It is labor-intensive and costly.

It may reduce genetic diversity if overused.

4. POLLINATION MECHANISMS
Pollination mechanisms are the various ways in which pollen is transferred to facilitate
fertilization in flowering plants. These mechanisms can be biotic (involving living organisms) or
abiotic (involving non-living factors like wind or water).

1. Biotic Pollination

Biotic pollination involves living organisms such as insects, birds, bats, and other animals.
These organisms transfer pollen while they collect nectar or pollen for food.

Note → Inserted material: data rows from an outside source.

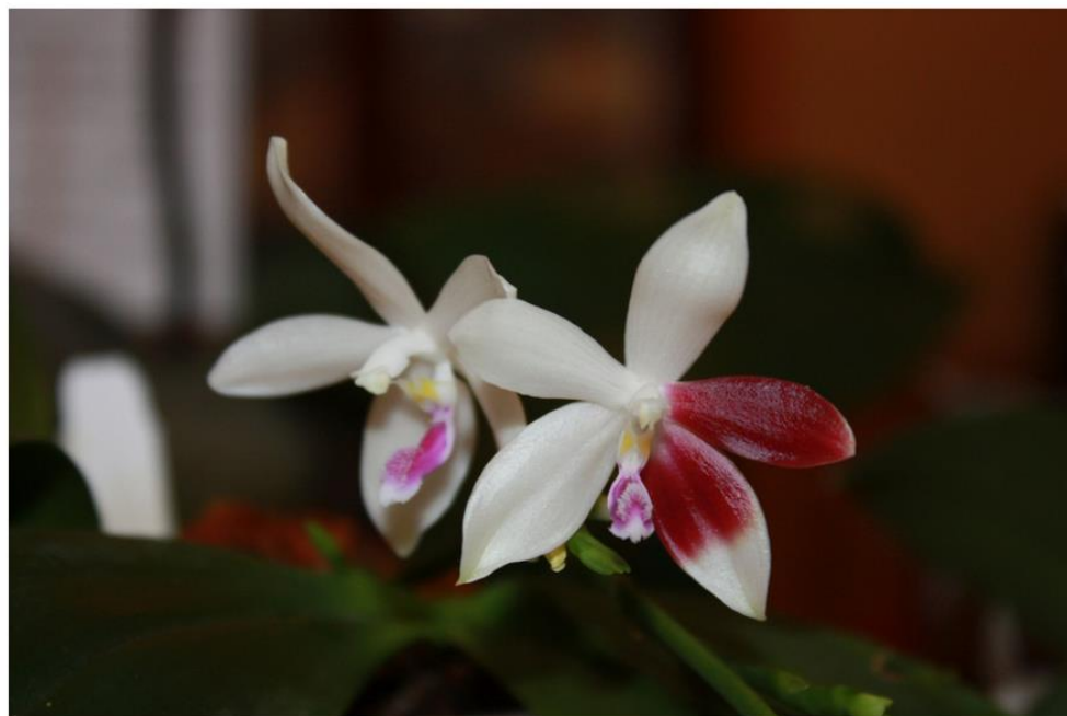
Phaleanopsis Younghome Snow White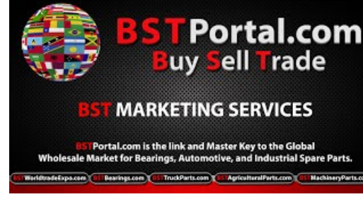
BST MARKETING SERVICES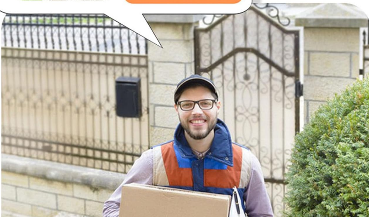
Image 4.3: Another example of a visitor record in the app, showing a delivery person at the door.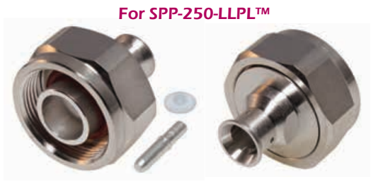
4.1-9.5 (Mini) DIN Male RFD-4195-HPL

*NOTE: Due to the precise nature of the soldering of the inner and outer conductors to achieve low PIM specifications, RF Industries cannot guarantee PIM performance on the finished assemblies when connectors are field installed. If you need guaranteed PIM performance, we strongly recommend factory installed assemblies made to your specifications.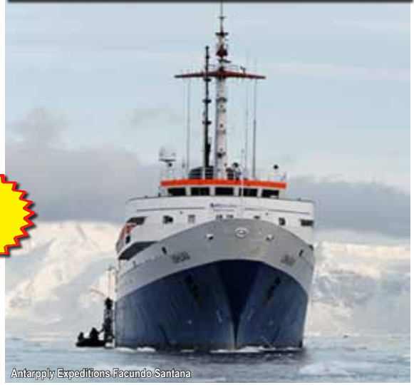
Antarpply Expeditions Facundo Santana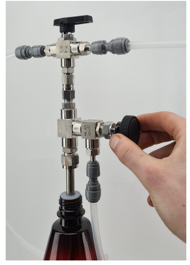
Step 8. After the bottle has been purged of any oxygen, close the bleed valve and pressurise the bottle back up to 10psi with CO<sub>2</sub>.

Step 9. Turn the handle in the direction of the beer inlet to begin the flow of beer. Beer will begin flowing into the bottle. If the transfer of liquid into the bottle slows to a halt slowly open the gas bleed valve to allow some gas to escape. This will allow liquid to begin flowing into the bottle again.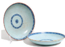
Chinese Export Porcelain Plates for Dutch East India Company, 18th Century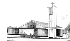
Church of Our Lady of the Wayside, Clonown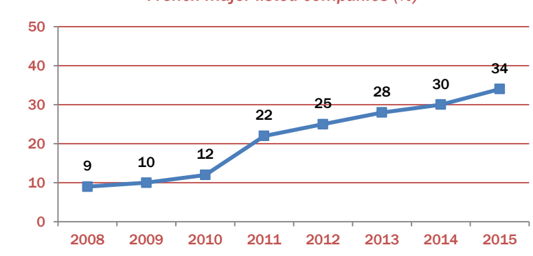
Proportion of women as members of Boards of Directors or Supervisory Boards of French major listed companies (%)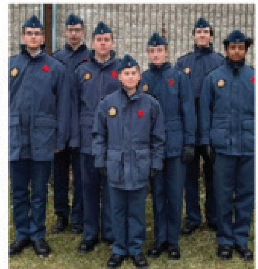
Air Cadet Squadron en route to Remembrance Day services with transportation support from New Gold.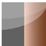
grey - bronze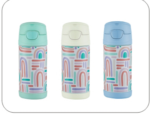
Model Capacity Packing LH-6151 350ml 24PCS/CTN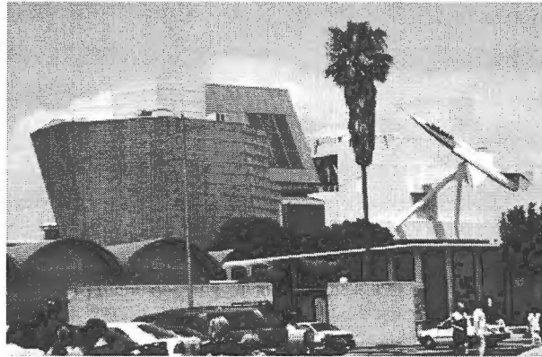
Figure 7: California Aerospace Museum, Frank Gehry, 1982.

(Figure 7), the airplane is literally a sign for the building, but also a marker for the door and entrance. The disruption of the viewer's frame of reference which is brought about by using an airplane as an architectural element could lead the observer to reflect on the nature of architectural and aeronautical elements, the use of signs and symbols, the appropriateness of materials, architectural decorum; it confronts the viewer and asks him or her to think about the relationships between airplanes and architecture, more significantly, architecture and themselves.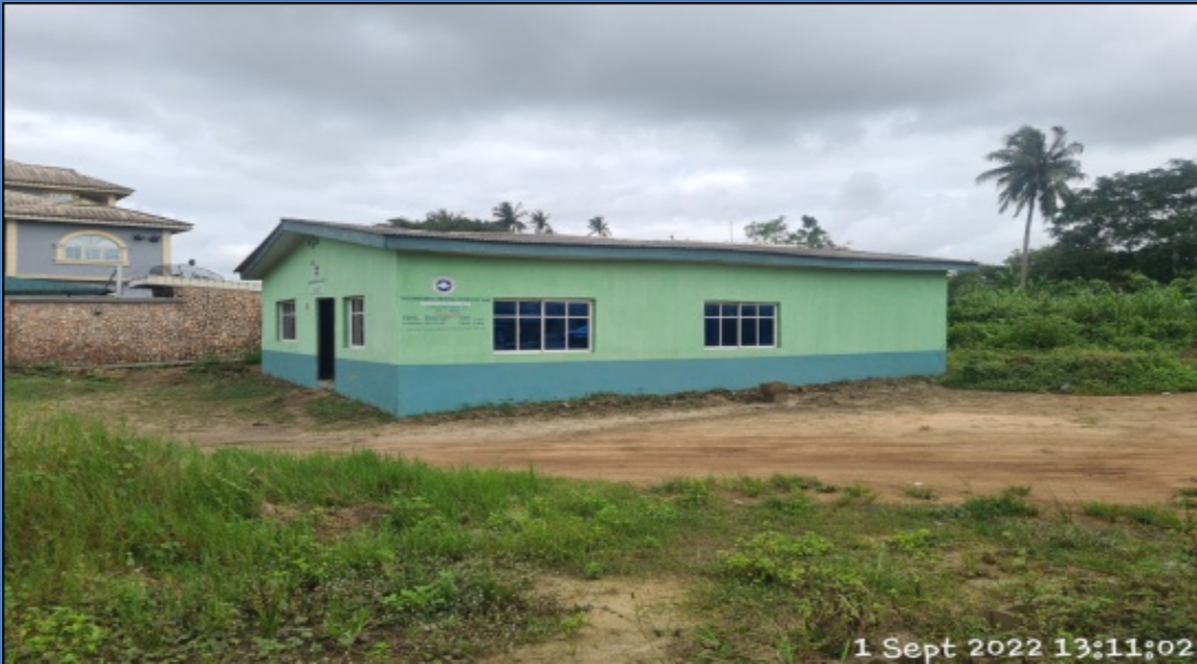
NAME: THE REDEEMED CHRISTAIN CHURCH OF GOD (SANCTUARY OF REDEMPTION, LAGOS PROVINCE 39) ADDRESS: ALONG EPE IJEBU ODE ROAD, EREDO, EPE DEFECTS: NIL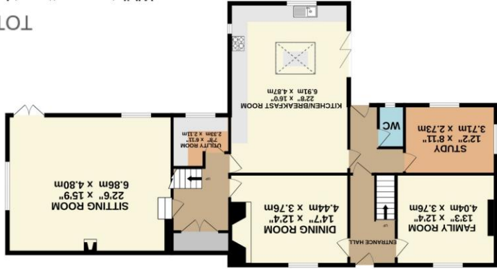
GROUND FLOOR 1478 sq.ft. (137.3 sq.m.) approx.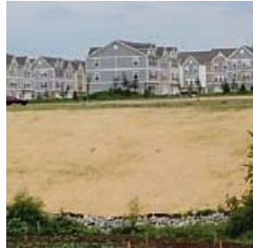
Curlex® and Straw - ECB's led by Curlex products. First photo shows product after application. Second photo shows vegetation growing through product.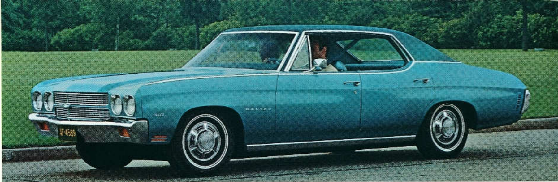
CHEVELLE MALIBU Sport Sedan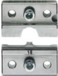
Die for crimping machine CF 500, for uninsulated cable lugs (C-RC... and C-FC...) 16 mm 2

Please be informed that the data shown in this PDF Document is generated from our Online Catalog. Please find the complete data in the user's documentation. Our General Terms of Use for Downloads are valid ( http://phoenixcontact.com/download )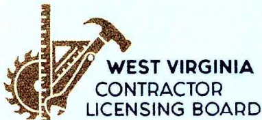
Chair, West Virginia Contractor Licensing Board

A copy of this license must be readily available for inspection by the Board on every job site where contracting work is being performed. This license number must appear in all advertisements, on all bid submissions, and on all fully executed and binding contracts. This license is non-transferable. This license is being issued under the provisions of West Virginia Code, Chapter 30, Article 42.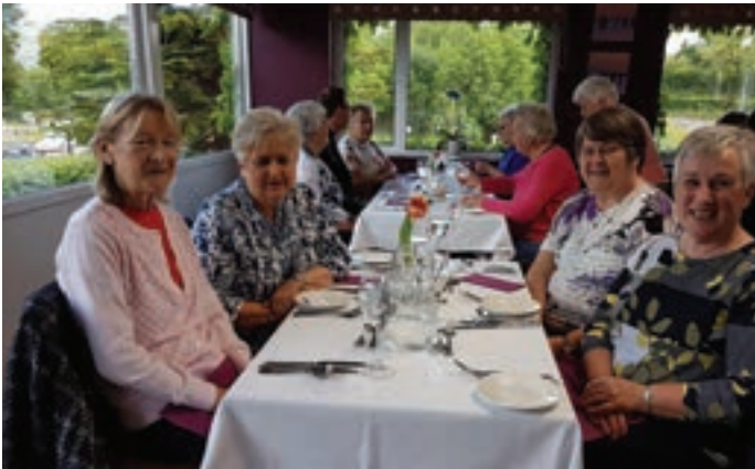
(Above and below) Members of the Tuesday Club at Carrybridge Hotel.

Its wonderful interior has many arts and crafts features. Our time regrettably came to an end too soon. We then headed for Carry Bridge Hotel. The Dean said grace before all enjoyed a lovely meal. We look forward to welcoming old and new members in September.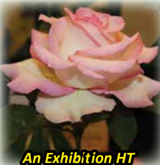
An Exhibition HT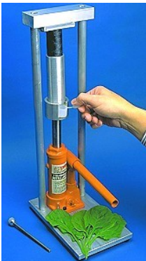
Hydraulic Plant Sap Press (item #2720)

* Calibration solutions in soil test kits include AlSO 4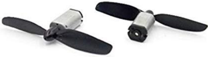
MT0200 MOTOR N30 AVIONICA CON HELICES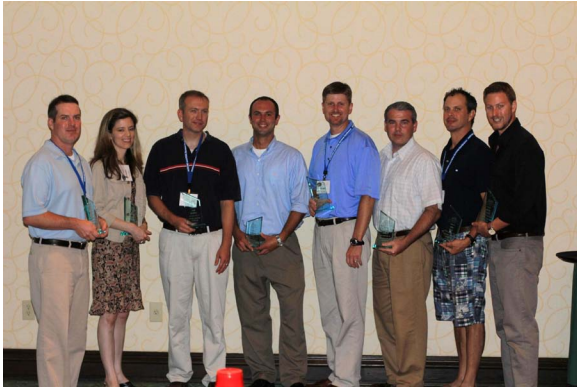
ABOVE: ACEC/NC's 2011 Future Leaders Class

This year, ACEC/NC teamed up with PENC for its Summer Conference in Myrtle Beach, SC. From August 11th to 13th, ACEC/NC and PENC members attended great sessions during the day, and participated in outings and events in the evenings. On Thursday, August 11th, attendees got to sing and laugh at Crocodile Rocks, Myrtle Beach's piano bar. At dinner on Friday, August 12th, ACEC/NC was proud to see its Class of 2011 Future Leaders graduate (pictured below left). After dinner, attendees cheered on their friends, peers and children as many of them competed in "Minute to Win It" games (pictured below right). Following Saturday's sessions, staff held a "fond farewell" reception, and then it was time to prepare to head home. Everyone had a great time while soaking in important information...and hopefully soaking up some sun! We hope to see you all next year for our Summer Conference in Wrightsville Beach!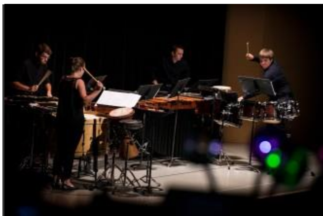
Members of the University Percussion Ensemble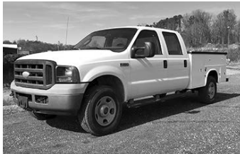
'06 Ford F350SD, 5.4L 8 cyl. gas, auto., 4WD, 8' Knapheide service bed, fleet maintained, 168,000 miles, $13,900.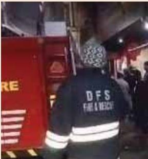
The charred bodies of the 11 victims, 10 men and a woman, were recovered from the factory, which also houses chemical godowns. The fire, which was preceded by a blast, had spread to nearby buildings, including a drug rehabilitation centre and eight shops. A police constable also sustained injuries, including burns, in the blaze. In another incident in February, an 83-year-old woman died and her granddaughter sustained injuries after they jumped off the fourth floor of a residential building in southwest Delhi's Dwarka when a fire broke out in their apartment.

At least 39 people have died and more than 100 have suffered injuries in fire incidents in the national Capital so far this year, officials data on Thursday. According to data released by the Delhi Fire Services (DFS), 16 people lost their lives in fire in January, another 16 in February and seven in March till Thursday. Fire incidents led to 51 injuries in January, 42 in February and 14 until March 14, it stated. From January 1 to March 14, the DFS has received 2,682 fire-related calls. On Thursday, two children and a married couple died due to suffocation after a massive fire broke out in a residential building in the Shastri Nagar area of Delhi's Shahdara. In another major incident, 11 people died in an explosion and subsequent blaze in a paint factory at Dayalpur market in outer Delhi's Alipur. Four people were injured in the fire that broke out on February 15.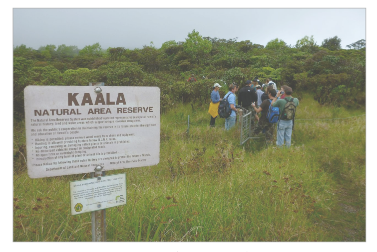
Kaala Natural Area Reserve. (July 19, 2013.)

Several members of the House Finance Committee and staff of the Department of Land and Natural Resources (DLNR) participated in a visit to Mount Kaala Natural Area Reserve, which consists of 1,100 acres of dryland to wet shrub forest. In 2012, most of the activity in the area has involved maintaining fences and the lower Kaala access road, monitoring hoofed animal activity and conducting control when necessary, and completing the remaining portion of the boardwalk replacement project in collaboration with partners. Weed control is currently focused at the summit bog where it is native dominated. As part of the Natural Area Reserves System (NARS) rare plant program, staff monitored and surveyed plants in the lower western portion of the Natural Area Reserve indentifying threatened and endangered species occurring in that area. NARS staff also coordinates DLNR's watershed initiative, which is aimed at working to ensure fresh water is available for the people of Hawaii in perpetuity by protecting our watershed forests.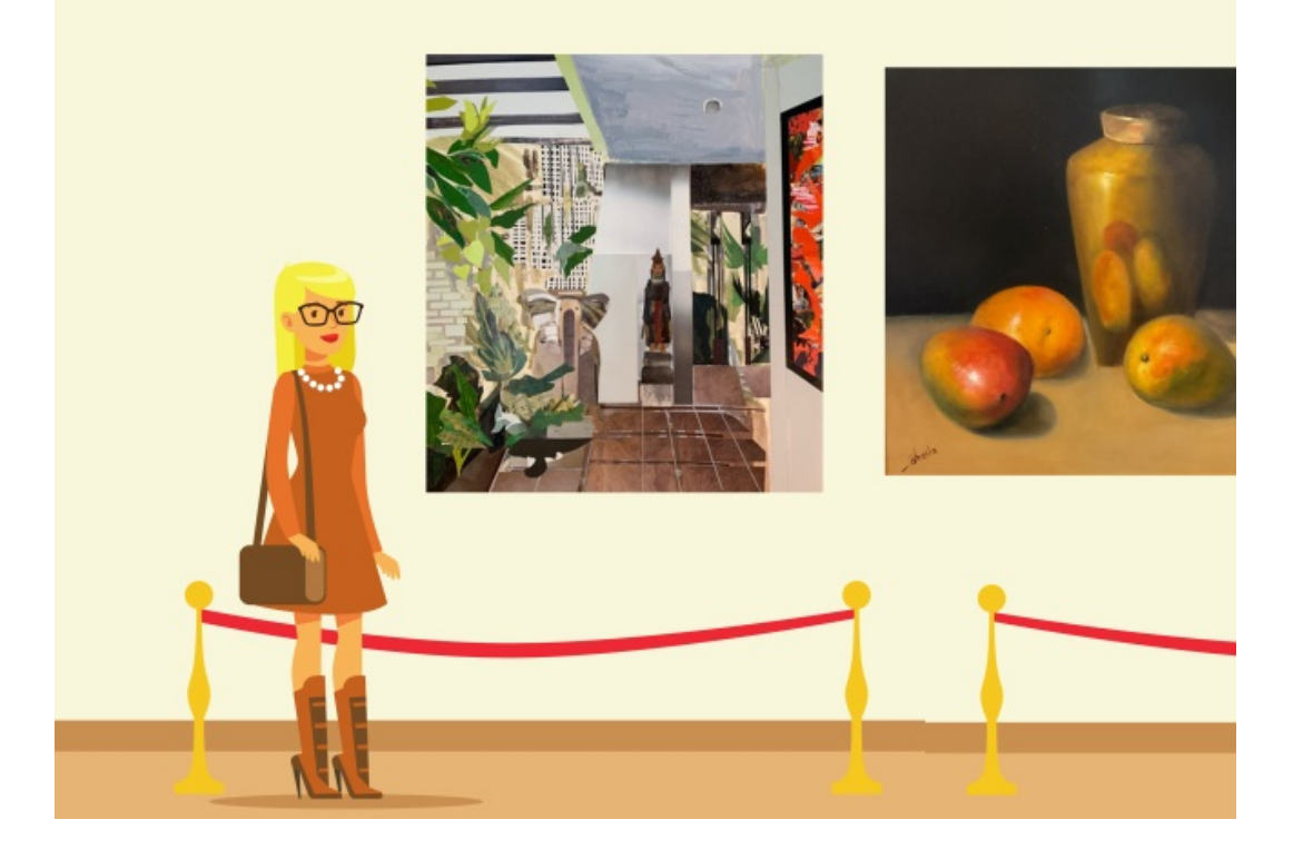
Exhibit: Now until Friday, December 15

Bernice Kish Gallery 10400 Cross Fox Ln, Columbia, MD Open to all!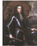
William III of Orange and his invasion fleet

and UPON HIS [Ten] HORNS TEN CROWNS [representing the Crown Shift to the U.S. Bill of Rights, whose antecedent was the English Bill of Rights of 1689, the advent of which was aided by the defection of John Churchill in 1688 from King James II to William III of Orange], and upon his heads the name of blasphemy.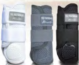
PRO PERFORMANCE ELITE XC BOOTS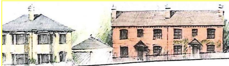
Artist's impressions giving a feel of the proposed design of some of the homes in Tent 1 were included in the exhibition material.

If you weren't able to make it to the exhibition, the material is still on display in the Town Hall on the board adjacent to the Town Clerk's office. It is anticipated that the full planning application will be submitted in March, and will be open to public consultation; check www.ashford.gov.uk/planning-and-building-control to see the plans and submit comments. The plans will also be on show at the Tenterden Gateway (2 Manor Row, High Street), and comments may also be submitted by post to the Planning Department, Ashford Borough Council, Civic Centre, Tannery Lane, Ashford, Kent, TN23 1PL.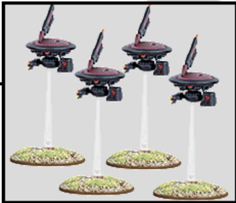
0-2 Markerlight Squadrons

Drones have been developed. These include the Shield Drone, the Marker Drone, the Remora Drone Fighter as well as the still experimental Command-link Drone. Though normally used in support of Tau combat units, some outposts and Septs have gone as far as building full Drone Regiments. Guided by advanced artificial intelligence they can be thrown into battle without concern for Tau life and are as such often used to delay enemy troops while citizens are evacuated from combat zones. In addition the Fio'vesa formation has seen frequent use at times when the Fire caste faced the Imperial Guard, the Drones proving priceless in dealing with the standard Imperial attrition method of war.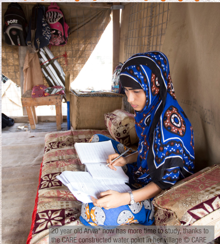
20 year old Arwa* now has more time to study, thanks to the CARE constructed water point in her village

While Yemen is a challenging and dynamic context for humanitarian operations and programming, there are opportunities and possibilities for impact and change by actors on the ground. In 2016, over 100 humanitarian agencies were operational across 5 Hubs in Yemen and as of October 2016, had assisted 4.6 million people across the country.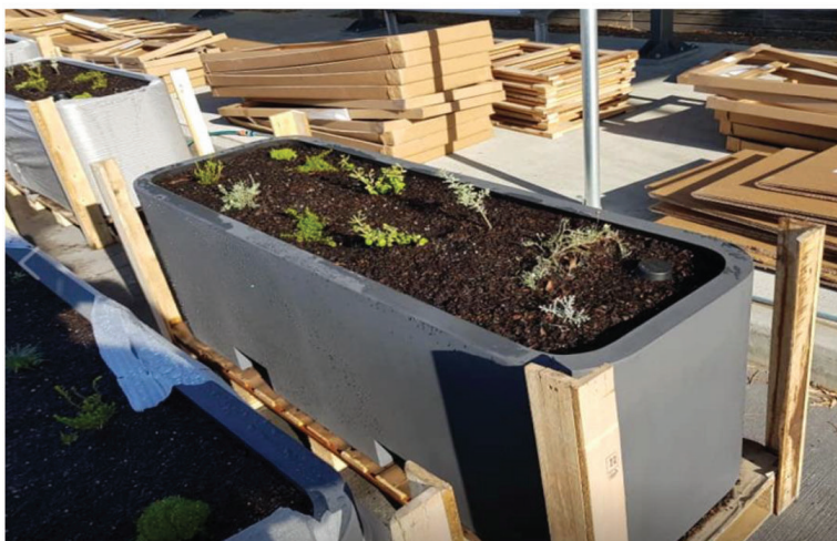
Installed in March 2020

The following images show the construction and growth of the planters outside Hobart Airport, Australia's driest state capital city.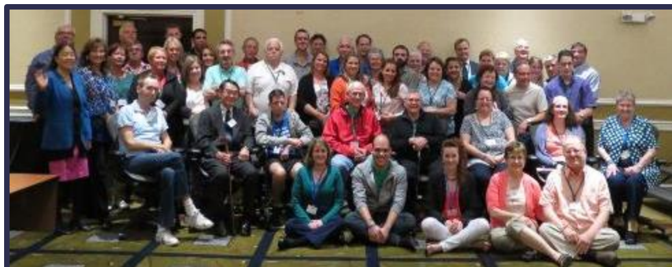
2014 | Bethesda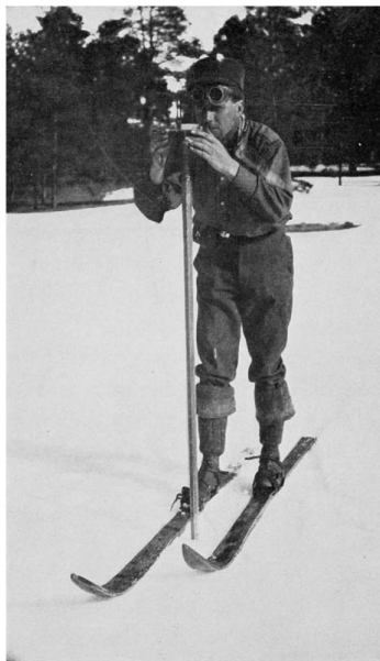
A FOREST EXAMINER RUNNING A COMPASS LINE

In nearly every National Forest there are areas upon which the trees have been destroyed by fire. Many of these are so large or so remote from seed-bearing trees that natural reproduction will not suffice to replace the forest. In such localities planting is needed, and for that purpose the Forest Examiner must establish and conduct a forest nursery. The decision on the kind of trees to plant and on the methods of raising and planting them, the collection of the seed, the care and transplanting of the young trees until they are set out on the site of the future forest, forms a task of absorbing interest. Such work often requires a high degree of technical skill. It is likely to occupy a larger and larger share of the time and attention of the trained men of the Forest Service.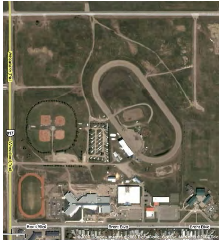
Strathmore Ag. Society Grounds

you can think of. Although there are no permanent barns on the grounds there are buildings that will accommodate the portable stalls again this year to allow our four-legged competitors a safe and secure resting area. A first for CRIR, and a bonus for the horse people, is that we now have a warm-up arena too!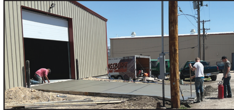
South side entrance for large equipment.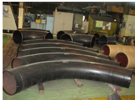
Induction pipe bend + external polyethylene lining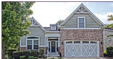
103 Samantha Drive Canary Creek $875,000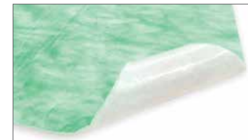
Surgisafe Absorbent Floor Mat with a fluid barrier non-slip backing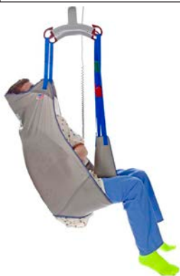
Single Patient Seated SHB-1PS-(S,M,L,XL)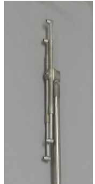
SwivelSampler™ probe head

Insect Pollination: The most common form of biotic pollination, where insects like bees,
butterflies, and beetles visit flowers to collect nectar. As they move from flower to flower, they
carry pollen, helping in fertilization.

Bird Pollination: Birds like hummingbirds transfer pollen from one flower to another. These birds
are attracted to brightly colored flowers, which they feed on for nectar.

Bat Pollination: Bats, particularly in tropical regions, pollinate flowers that are open at night and
produce strong scents and large quantities of nectar.

2. Abiotic Pollination

Abiotic pollination occurs through non-living agents, such as wind and water, which transport
pollen to the stigma.

Wind Pollination (Anemophily): Many plants, such as grasses and trees, rely on wind to transfer
pollen. Wind-pollinated flowers usually have light, dry pollen that is easily carried by air currents.

Water Pollination (Hydrophily): Water pollination occurs in aquatic plants. Pollen is carried by
water currents to fertilize flowers.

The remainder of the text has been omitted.